#### Requirement
The copy you produce must hold every record exactly, and none of the images.

################

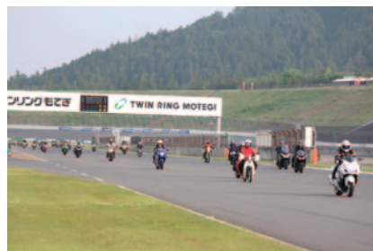
公式予選終了直後のレーシングコースをご自身の愛車でパレード走行いただいた「全日本ロードレース バイクパレード」(28日)。参加資格:「グランプリロードR123」メンバーズまたは「Moto Girls Livika」会員で排気量50cc以上のバイクでご来場の方
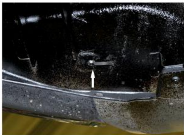
Рис. 1 - Установка закладной гайки
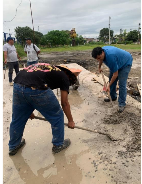
Ilustración 4 mezcla de concreto para los muñecos
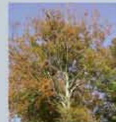
Ramure d'un hêtre en automne
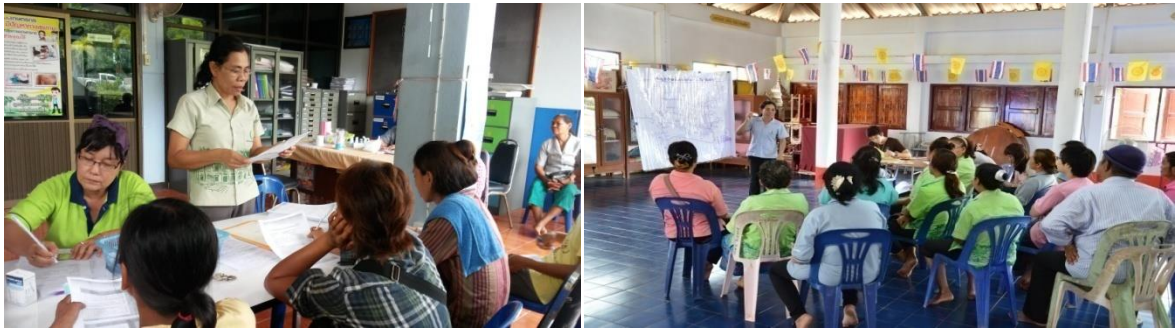
การจัดทำแผนฯใช้กระบวนการมีส่วนร่วม
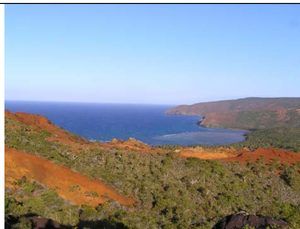
Fig. 3 : formation à Niaouli
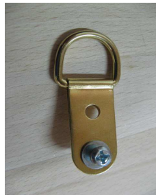
Anneaux dé pour fixation sur crochet (mural ou de tringle)
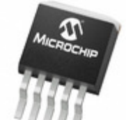
TC1265-2.5VETTR Microchip Technology IC REG LDO 2.5V 0.8A DDPK
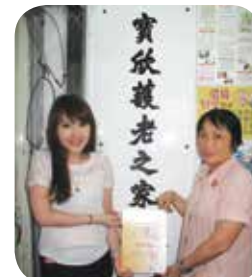
香港醫護學會幹事頒發證書給院長
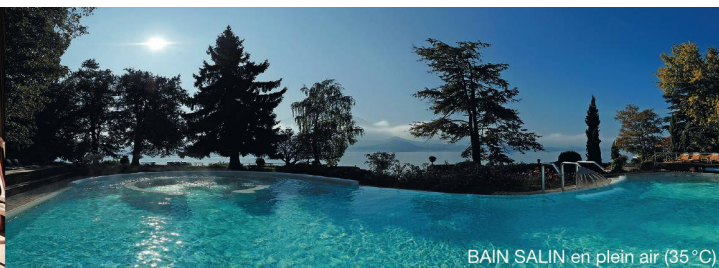
BAIN SALIN en plein air (35°C)
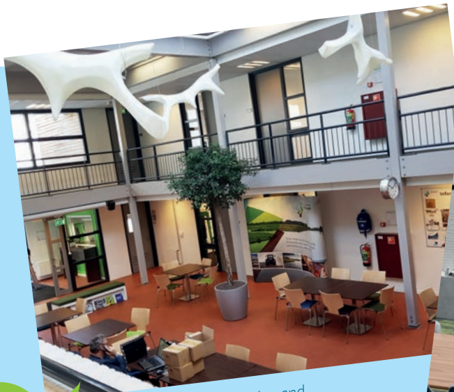
De hal van het oude pand

Wij moeten met zijn allen blijven investeren in een betere leefomgeving zodat mede door onze inspanningen het leefmilieu beter wordt.
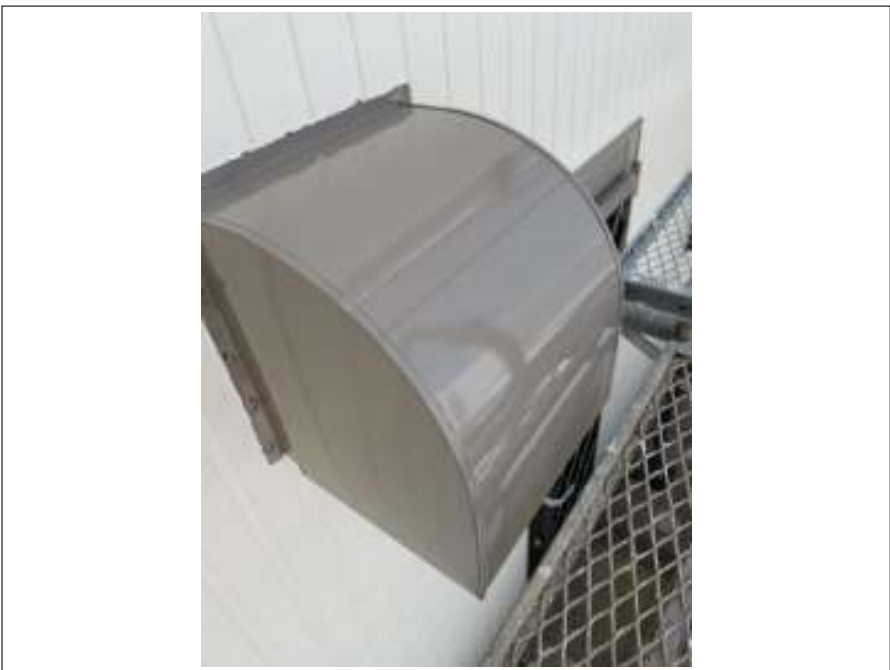
換気フード 施工後
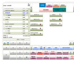
Ecran de Ventes

################

#### Solution to this problem
公式予選終了直後のレーシングコースをご自身の愛車でパレード走行いただいた「全日本ロードレース バイクパレード」(28日)。参加資格:「グランプリロードR123」メンバーズまたは「Moto Girls Livika」会員で排気量50cc以上のバイクでご来場の方
Рис. 1 - Установка закладной гайки
Ilustración 4 mezcla de concreto para los muñecos
Ramure d'un hêtre en automne
การจัดทำแผนฯใช้กระบวนการมีส่วนร่วม
Fig. 3 : formation à Niaouli
Anneaux dé pour fixation sur crochet (mural ou de tringle)
TC1265-2.5VETTR Microchip Technology IC REG LDO 2.5V 0.8A DDPK
香港醫護學會幹事頒發證書給院長
BAIN SALIN en plein air (35°C)
De hal van het oude pand

Wij moeten met zijn allen blijven investeren in een betere leefomgeving zodat mede door onze inspanningen het leefmilieu beter wordt.
換気フード 施工後
Ecran de Ventes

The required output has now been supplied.